While it’s very easy for a child to pronounce judgements, it’s not as simple for adults especially in the world we live in. After all, it took us four years to decide the fate of Ajmal Kasab, someone my children keep asking me about. And no, it’s not very easy to answer their questions especially when they throw the “killing someone is a bad deed” and ‘an eye for an eye will make the whole world blind’ lines at you even if the man in question has slaughtered innocents. When the newspapers flooded us this week with disturbing images and news reports of the bloodbath in distant Connecticut sparked off by a 20 year old and the equally young 23 year old delivered a fate worse than death in nearby Delhi, we parents unanimously wanted justice.

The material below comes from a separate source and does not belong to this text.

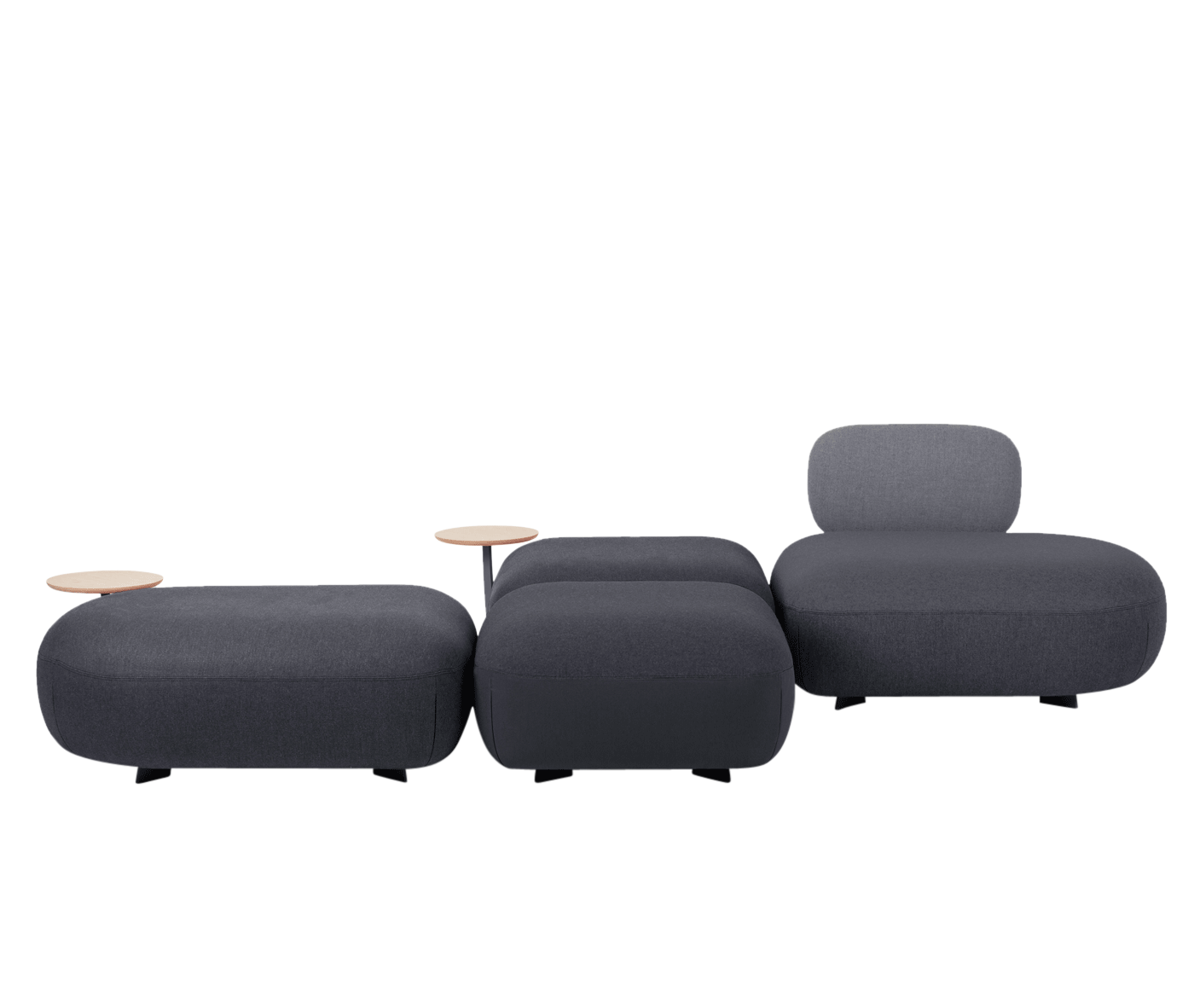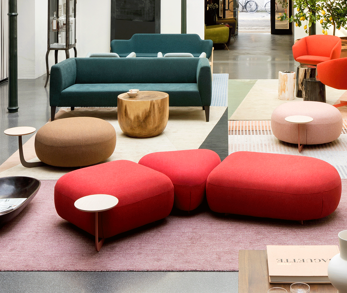 An easy, flexible seating system, suitable for any space thanks to the infinite syntactic possibilities. Code identifies an aesthetic-formal code of simple geometric signs that constitute an alphabet of informal seats: poufs and maxi poufs that are enriched with backs and integrated tables.
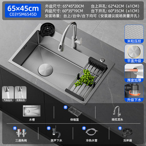 【米粒抗菌压纹槽】65x45cm标配丨抽拉龙头丨洗杯器丨净水龙头

In the second case, we clamoured for the perpetrators to be hanged, killed, flogged, castrated, shot etc. I see these words staring back at me from the papers every morning and I wince as I watch my daughters break them and piece them together to make sense and wonder when the questions will rain down.
As a mother of two daughters, this is definitely the end of the world I’ve grown up in. It is an ugly world we live in where man behaves worse than animals, where the good is fast vanishing and the bad/evil prevails.
Is this what the Mayans meant when they predicted the end of the world?